Title: MSICA: ICA Based Transformation For Multi-Scale Decomposition With Application in Denoising

Abstract: A new method for muti-scale decomposition–called MSICA–is proposed to translate an original signal into multiple statistically independent scales. We prove that extracting the independent components of the even and odd samples of a signal results in the decomposition of the same into approximation and detail. We also show that the whitening procedure in Independent Component Analysis (ICA) is equivalent to a filter bank structure. Moreover, we examine the performance of MSICA in signal denoising and exploit the statistical independency of the approximation and detail to propose a novel signal-denoising strategy for multi-channel transmissions.
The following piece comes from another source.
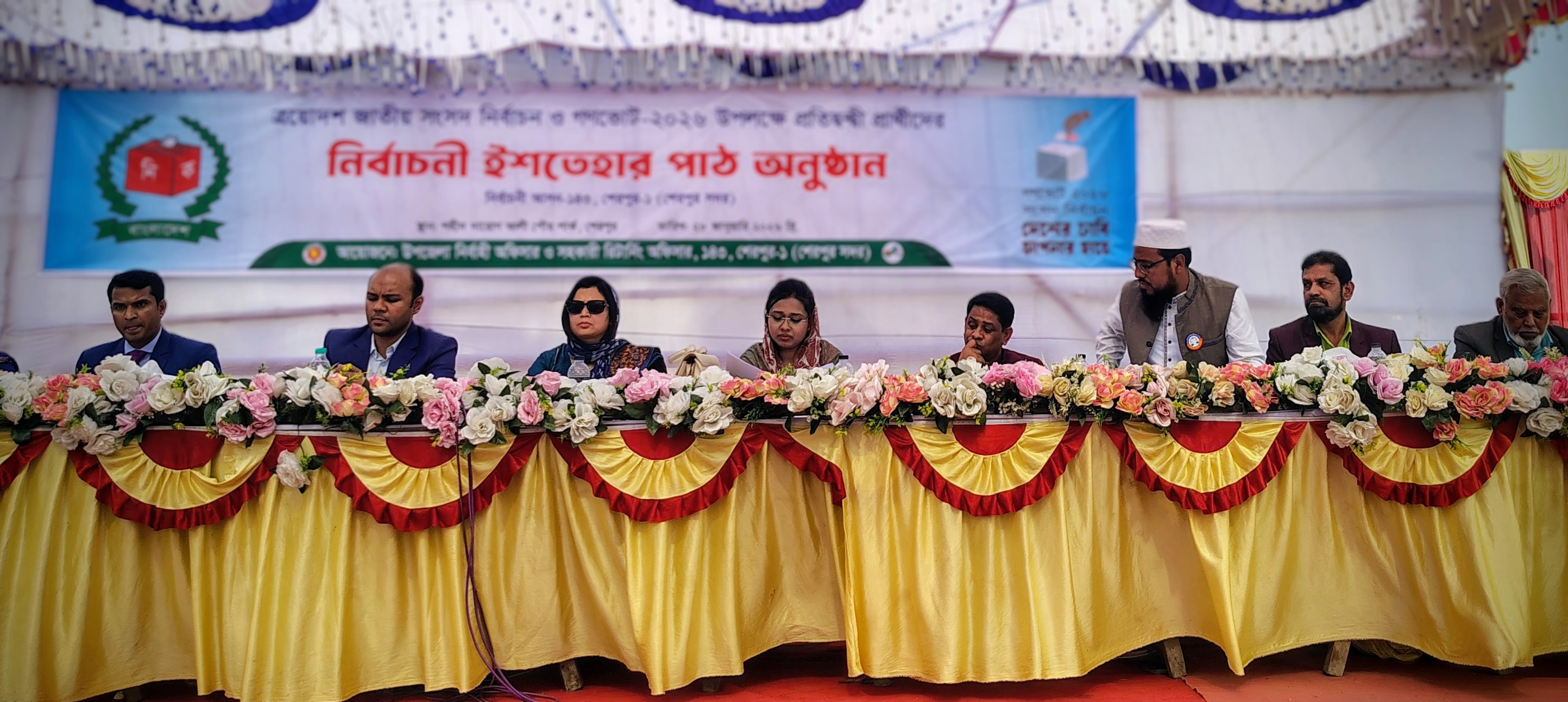 ২৮ জানুয়ারি বুধবার দুপুরে শেরপুর শহরের পৌর দারোগ আলি পৌর পার্কে শেরপুর সদর উপজেলা নির্বাহী কর্মকর্তা ও সহকারী রিটার্নিং অফিসার মাহবুবা হক এর সভাপতিত্বে ইশতেহার পাঠ আয়োজন করা হয়।
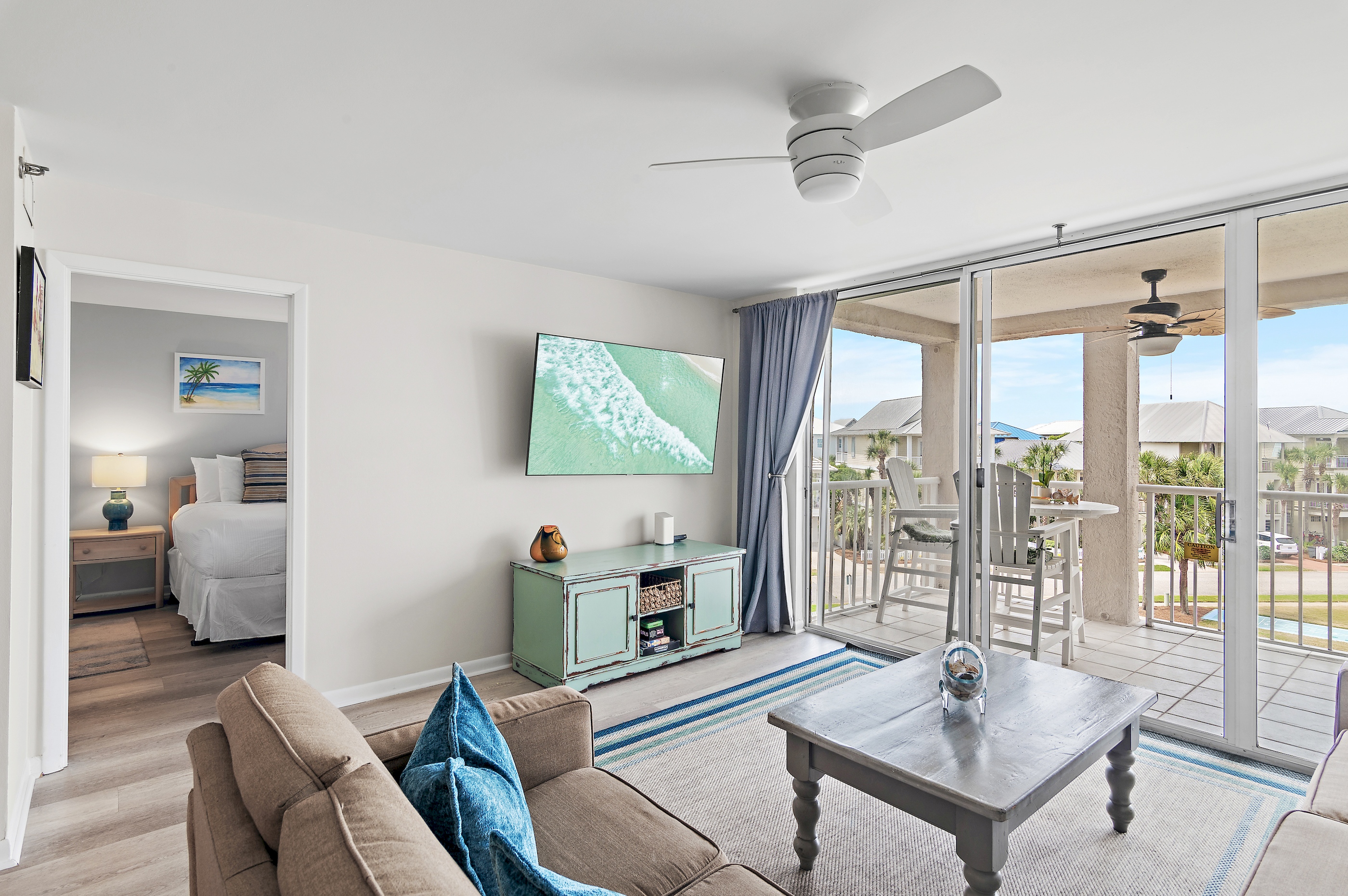 The condo features a private balcony that provides stunning Gulf views and is perfect for enjoying your morning coffee or a sunset cocktail.

Simulation results verify that MSICA can improve reliability in noisy channels in the case of multi-channel transmissions.

Biography: Abolfazl Hajisami is a student in Electrical and Computer Engineering (ECE) department at Rutgers University, NJ, where he is pursuing a PhD under the guidance of Dr. D. Pompili at the Cyber-Physical Systems Laboratory (CPS-Lab). He received his MSc and BSc Degrees from Sharif University of Technology and from Shahid Beheshti University (Tehran, Iran), respectively. In his MSc thesis, he worked on the application of blind source separation to image watermarking. Currently, he is working on elastic resource provisioning and allocation in Cloud Radio Access Networks.

Rafael Oliveira

Title: Locality in Coding Theory and the Gilbert-Varshamov Bound

Abstract: One of the main open problems in Coding Theory is to characterize the tradeoff between the rate and the minimum distance of a binary code. The best known tradeoff is the Gilbert-Varshamov bound. Another central question in Coding Theory is to analyze special properties that such codes with good rate-distance tradeoff may have. One property that has found many applications in theory as well as in practice is the property of locality in a code. In this talk we will survey classical aspects of Coding Theory, with a focus on the importance of locality in Error Correcting Codes. We will provide the motivations for locality, the standard concepts of “local codes,” and describe our main result, which is the first (randomized) construction of a family of local codes with rate-distance tradeoffs approaching the Gilbert-Varshamov bound. (Joint work with Sivakanth Gopi, Swastik Kopparty, Noga Ron-Zewi and Shubhangi Saraf.)

Biography: Rafael Oliveira is a fifth-year Ph.D. student in the Department of Computer Science at Princeton University, where he works with Prof. Dvir. He is broadly interested in the interplay between Mathematics and Computer Science. In particular, he is interested in the interplay between Algebra, Analysis, Combinatorics, Number Theory and Complexity Theory.